Their exile to the material plane – constraining and hostile – did confuse and disturb, and his sister did cry, once or twice or maybe even a bit more than thrice. Yet she was soon adored, and it was towards him, the shadow of death, that the world would bare its fangs. To Celephaïs he wished to return, yet he could not, without the sanctuary itself being undone. His sister could, and so she departed once and returned, claiming that her presence there had purified it of his festering rot. And from then she would for decades to come abandon him no more – if he could not follow her, she would follow him – Cresselia would remain by his side: healing those his powers had scarred with a bitter joy…

… Yet sometimes she was too late, sometimes he was not forgiven by those he had hurt. He understood well why and seldom protested – even while the hurt did swell – she understood well why… and could not accept it. Cresselia was soothing, calm, and kind, the world – to him, with him by her side, at all – did not seem to be so. Eventually, to her sanctuary in Celephaïs Cresselia did recede, alone there to brood with her illusory company.

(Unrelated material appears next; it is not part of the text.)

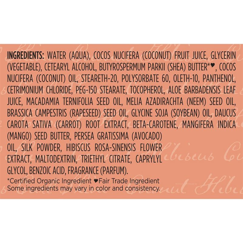 WATER, BUTYROSPERMUM PARKII (SHEA BUTTER)* +, COCOS NUCIFERA (COCONUT) OIL, MACADAMIA TERNIFOLILA SEED OIL, MANGIFERA INDICA (MANGO) SEED BUTTER, PERSEA GRATISSIMA (AVOCADO) OIL, GLYCERIN (VEGETABLE),…

And, alone, he had not even that.

The sands had been soaked red, the lake at his feet had begun to bleed, to lather with an injured froth… no longer was there a refreshing mist, it had been replaced with fumes which reeked of coming doom. In the far distance – the sound of crackling flames. A sudden dread which numbed his hands and clawed at his intestines struck Darkrai paralysed, sweating and twitching supine on the shore. In their frantic spasms along the leviathan of coursing smoke that had blotted out the sky, the Moonshadow's eyes landed upon the city, upon the blinding glare of the fires which gnawed at its structure.

Towers crumbled as stone sizzled and cracked, palisades melted into a downpour of lava, and Darkrai vanished from the fringes of the sanctuary his existence had once more defaced.

He went far, but the nightmare did not end: the city had gone, the lake had gone, but the inferno lingered, coating his second home. The Blightwoods were being torched.


Sorry for the shorter and more disconnected chapter. This one is actually a prequel, set just before he wakes up from his first nightmare in chapter 1.